# So...about out of home streaming from Bolt



## mahermusic (Mar 12, 2003)

Received our new Bolt w/ free Lifetime from the TiVo Series 1 sunsetting, and picked up a multi-stream card from Comcast. Set everything up last night, and all is working great. I've got the TiVo app on my iPhone. I've been able to stream live tv on my home network, but I thought there could be a single stream out-of-network. Am I figuring this incorrectly? Is it not live tv, but only recorded shows that can be streamed out of your home network?


----------



## mahermusic (Mar 12, 2003)

Found the answer: The out of home streaming checkbox wasn't checked in the iPhone TiVo app. All is good now!


----------



## jtrippe77 (Feb 13, 2012)

Where is this in the app? I've set up streaming in the settings in the app but I still can't get it to work outside of my home network


Sent from my iPhone using Tapatalk


----------



## mdavej (Aug 13, 2015)

In iOS, More - Settings - (Streaming) Settings - Out of Home ...


----------



## jtrippe77 (Feb 13, 2012)

I've done that several times with no luck. Maybe I should uninstall and reinstall the app and see what happens


Sent from my iPhone using Tapatalk


----------



## gbshuler (Feb 25, 2008)

jtrippe77 said:


> I've done that several times with no luck. Maybe I should uninstall and reinstall the app and see what happens


Here are some things to try:

You may have out of home streaming made impossible. Like all other iOS apps, you need to explicitly allow the iOS TiVo app to connect using your Cellular Data. Go to [iOS, not TiVo] Settings. Scroll down down down.. until you see your iOS apps. Look for "TiVo". Press the bar/button labeled "TiVo" (a screen opens up with "TiVo" at the top and a single toggle: 







You mention "reinstall the app". If you are brave enough to do that, take a shortcut. In the iOS TiVo app, Select "More" -> "Settings". Scroll ALL the way down and you will "Reset Application". You will at least need to re-login so make sure you know your login/password for TiVo.


----------



## JpHudy (Sep 8, 2002)

Yeah, I'm also having no luck streaming when outside my home network. I ran the setup and selected out-of-home streaming and confirmed that the Tivo app has access to cellular data in Settings, but still nothing. 
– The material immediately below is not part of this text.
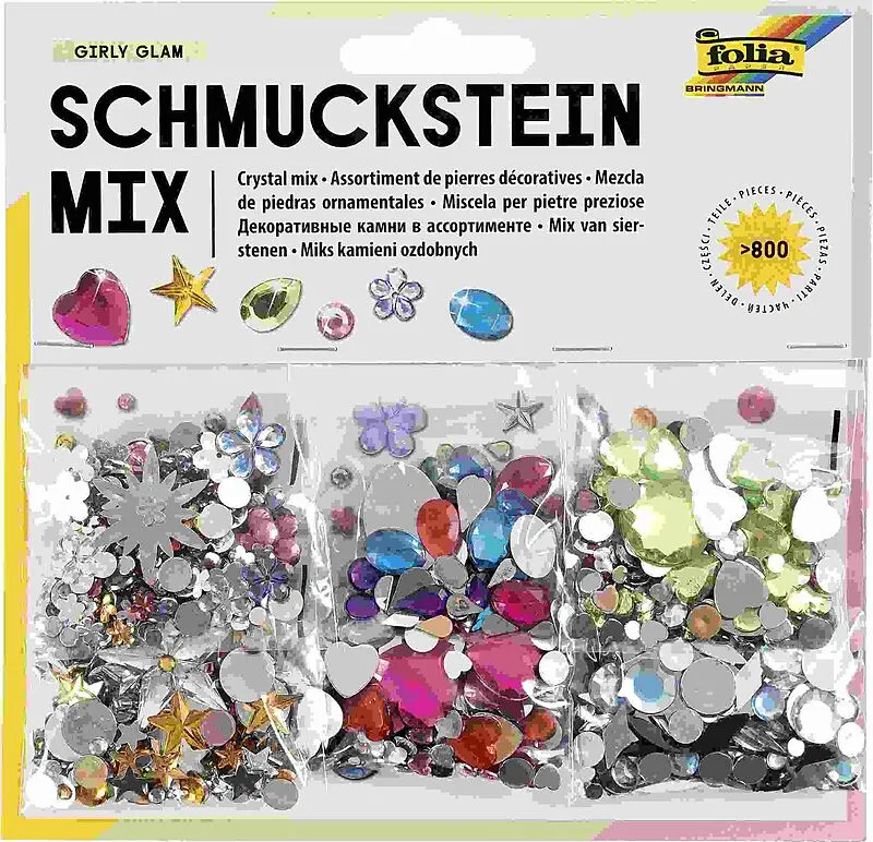 800 Schmucksteine aus Acryl, verschiedene Formen, Farben, Größen, verpackt in verschiedenen Beuteln auf farbig bedruckter Reiterkarte Über 800 farbenfrohe Schmucksteine in unterschiedlichen Größen, Formen und Farben. In 6 Beuteln farblich und thematisch sortie...

Is streaming only permitted for certain shows? I haven't found a show that permits it yet. What's odd is that I can download a recorded show over cellular, but not stream it.

Any ideas? For now, I'm still using Slingbox.


----------



## jrtroo (Feb 4, 2008)

Who is your provider? Try something from an OTA station- those should never be copy-protected while cable channels are at the whim of your provider.


----------



## Welshdog (Jan 4, 2005)

jrtroo said:


> Who is your provider? Try something from an OTA station- those should never be copy-protected while cable channels are at the whim of your provider.
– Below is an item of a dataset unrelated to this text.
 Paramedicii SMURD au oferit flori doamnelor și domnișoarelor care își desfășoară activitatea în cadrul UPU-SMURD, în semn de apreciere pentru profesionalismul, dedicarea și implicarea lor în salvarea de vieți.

I seem to remember reading on TC forums somewhere that Bolt is different than Roamio when it comes to streaming recorded shows outside the local network. I want to get a Bolt to record OTA while keeping my Roamio Pro for streaming services like Netflix etc. However, if Bolt can't send OTA shows out of my house then that is a problem. Anyone know the answer for sure?


----------



## aaronwt (Jan 31, 2002)

Welshdog said:


> I seem to remember reading on TC forums somewhere that Bolt is different than Roamio when it comes to streaming recorded shows outside the local network. I want to get a Bolt to record OTA while keeping my Roamio Pro for streaming services like Netflix etc. However, if Bolt can't send OTA shows out of my house then that is a problem. Anyone know the answer for sure?
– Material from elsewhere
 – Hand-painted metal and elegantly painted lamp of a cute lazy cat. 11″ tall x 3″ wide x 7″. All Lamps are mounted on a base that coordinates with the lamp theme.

I had no problem here with OTA. Just like there is no problem streaming the cable shows. Except the HBO, Cinemax, and FOx channels restricted by FiOS.

EDIT: I just went to TiVo Online and initiated a transfer from my OTA Roamio Basic to a Bolt. Then I went to the TiVo app on my phone and started streaming the OTA recording. It's streaming to my phone without any issues.


----------



## Steve (Apr 24, 2003)

aaronwt said:


> EDIT: I just went to TiVo Online and initiated a transfer from my OTA Roamio Basic to a Bolt.


Good to hear TiVo online is working somewhere! Still no luck, here in NY. "500" errors when trying to log in.


----------



## aaronwt (Jan 31, 2002)

Steve said:


> Good to hear TiVo online is working somewhere! Still no luck, here in NY. "500" errors when trying to log in.


I didn't know people were having issues. I have been using it regularly the last couple of weeks and haven't run into any problems with TiVo Online.


----------



## Steve (Apr 24, 2003)

aaronwt said:


> I didn't know people were having issues. I have been using it regularly the last couple of weeks and haven't run into any problems with TiVo Online.


Ya. Still an issue here, as of this morning.

online.tivo.com 500 error


----------



## aspexil (Oct 16, 2015)

I stream OTA channels from my Tivo Bolt all the time OOH with no issues. I am on Android.


----------